Let f : \(\R→\R\) be the function defined by
\(f(x)=\begin{cases} \lim\limits_{h \rightarrow0}\frac{(x+h)\sin(\frac{1}{x}+h)-x\sin\frac{1}{x}}{h} & x \ne 0\\ 0, & x=0\end{cases}\)
Then which one of the following statements is NOT true ?

• A. \(f(\frac{2}{\pi})=1\)
• B. \(f(\frac{1}{\pi})=\frac{1}{\pi}\)
• C. \(f(-\frac{2}{\pi})=-1\)
• D. f is not continuous at x = 0

Answer 1

The Correct Option is B

The problem involves evaluating the behavior of a function \( f:\mathbb{R} \to \mathbb{R} \) defined in a piecewise manner, with a crucial point of interest being the limit involved in its definition. We need to analyze each statement and determine which one is not true.

1. Analyze the definition of the function \( f(x) \):

   The function \( f(x) \) is defined as: \( f(x) = \begin{cases} \lim\limits_{h \rightarrow 0} \frac{(x+h)\sin(\frac{1}{x}+h)-x\sin\frac{1}{x}}{h}, & x \ne 0 \\ 0, & x = 0 \end{cases} \)

2. Compute the derivative for \( x \neq 0 \), using the standard derivative rules and limits:

   For \( x \neq 0 \), the expression is essentially the definition of a derivative of \( f(x) = x \sin(\frac{1}{x}) \).
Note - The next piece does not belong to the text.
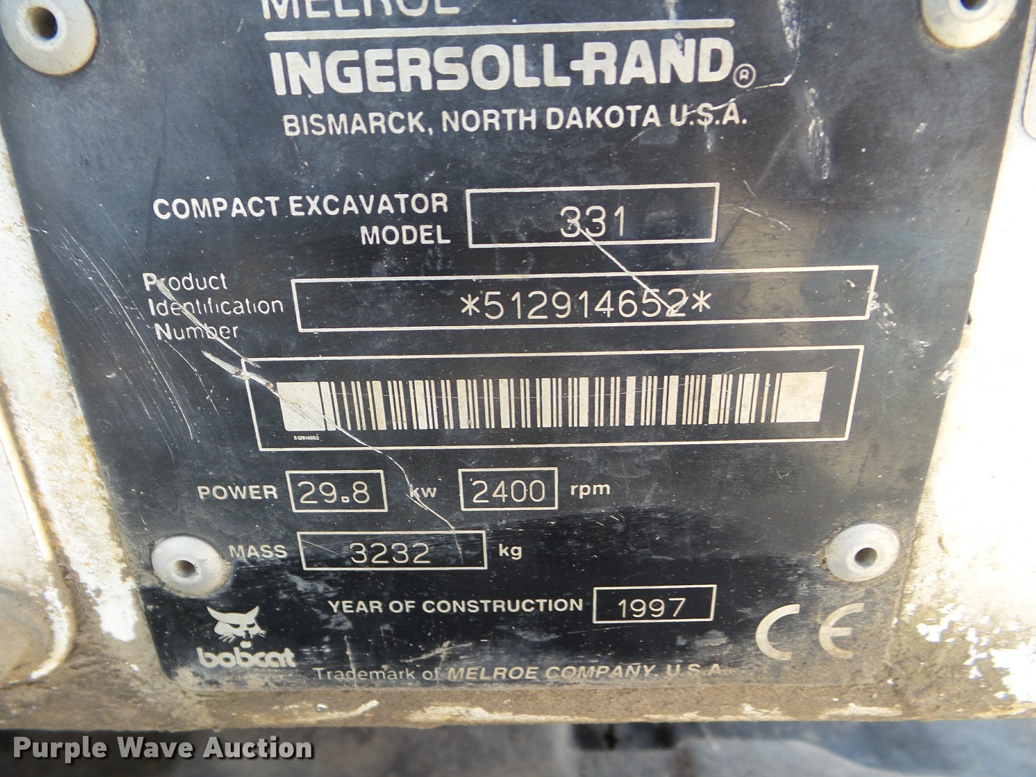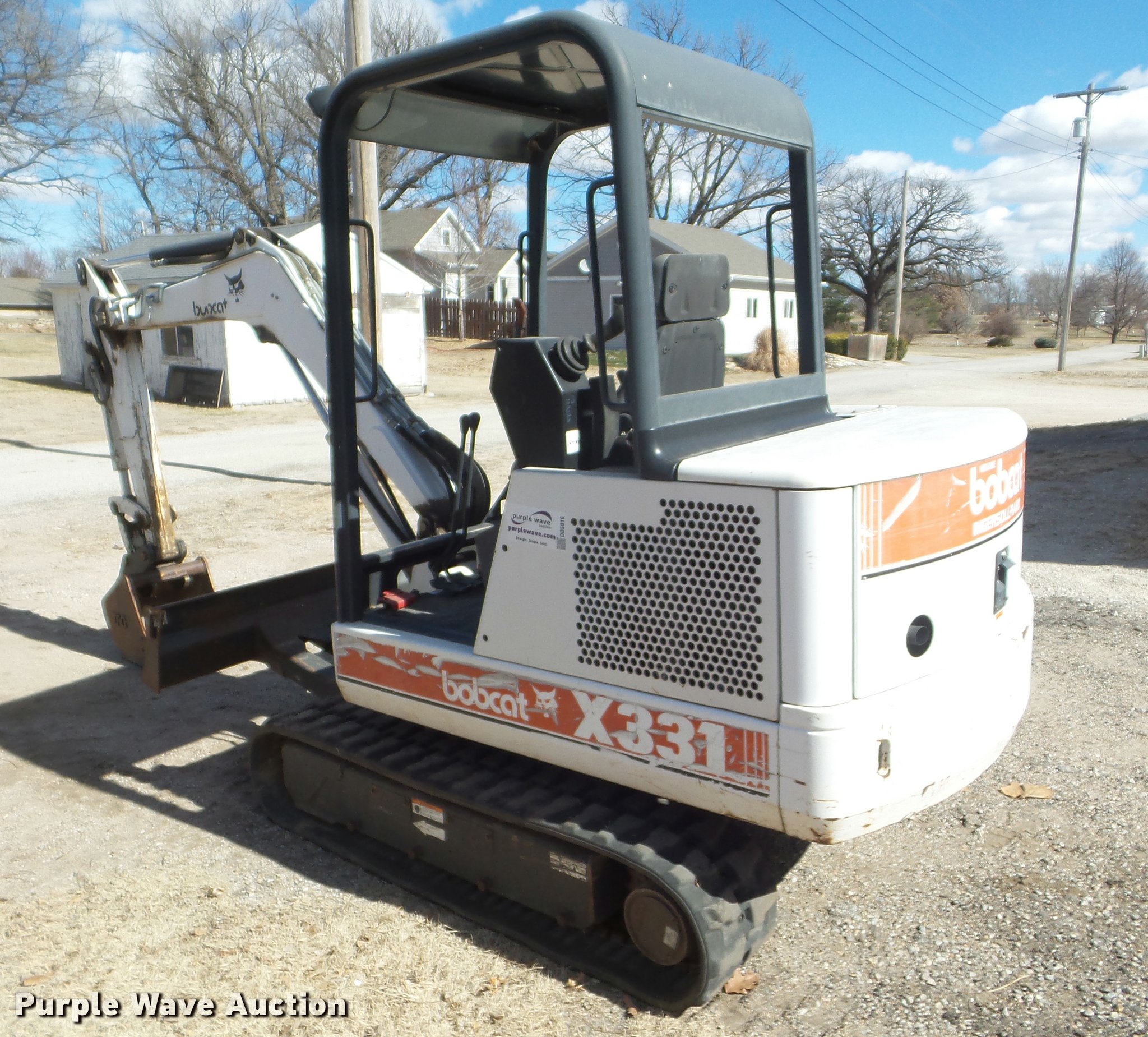 Purple Wave is selling a used Mini Excavator in Kansas. This item is a 1997 Bobcat X331 compact excavator with the following: 4,327 hours on meter, Kubota four cylinder diesel engine, Two speed hydrostatic transmission, OROPS, Suspension seat, Front work lights, Standard boom, 48" stick length, 18"W bucket, (4) bolt-on teeth, Auxiliary hydraulics, 14"W backfill blade, Four bottom rollers, 12"W rubber tracks, Serial 512914652

The derivative would be: \[ \frac{d}{dx}(x \sin(\frac{1}{x})) = \sin\left(\frac{1}{x}\right) - \cos\left(\frac{1}{x}\right) \cdot \frac{1}{x} \]

3. Evaluate the statements:
   • For \( f\left(\frac{2}{\pi}\right) = 1 \):

     Substitute \( x = \frac{2}{\pi} \) in the derivative expression: \[ f\left(\frac{2}{\pi}\right) = \sin(\pi) - \cos(\pi) \cdot \frac{\pi}{2} = 0 - (-1) \cdot \frac{\pi}{2} = 1 \] Therefore, this statement is true.

   • For \( f\left(\frac{1}{\pi}\right) = \frac{1}{\pi} \):

     Substitute \( x = \frac{1}{\pi} \) in the derivative expression: \[ f\left(\frac{1}{\pi}\right) = \sin(1) - \cos(1) \cdot \pi \] Since \(\sin(1) - \cos(1) \cdot \pi \neq \frac{1}{\pi}\), this statement is not true.

   • For \( f\left(-\frac{2}{\pi}\right) = -1 \):

     Substitute \( x = -\frac{2}{\pi} \) in the derivative expression: \[ f\left(-\frac{2}{\pi}\right) = \sin(-\pi) - \cos(-\pi) \cdot \frac{\pi}{2} = 0 - 1 \cdot \frac{\pi}{2} = -1 \] Therefore, this statement is true.

   • For continuity at \( x = 0 \):

     The function value at \( x = 0 \) is \( f(0) = 0 \). To check continuity, evaluate the limit: \[ \lim_{x \to 0} f(x) = \lim_{x \to 0} \left(\sin\left(\frac{1}{x}\right) - \cos\left(\frac{1}{x}\right) \cdot \frac{1}{x}\right) \] This does not exist, indicating discontinuity at \( x = 0 \). Therefore, this statement is true.

Conclusion: The statement \(f(\frac{1}{\pi})=\frac{1}{\pi}\) is NOT true.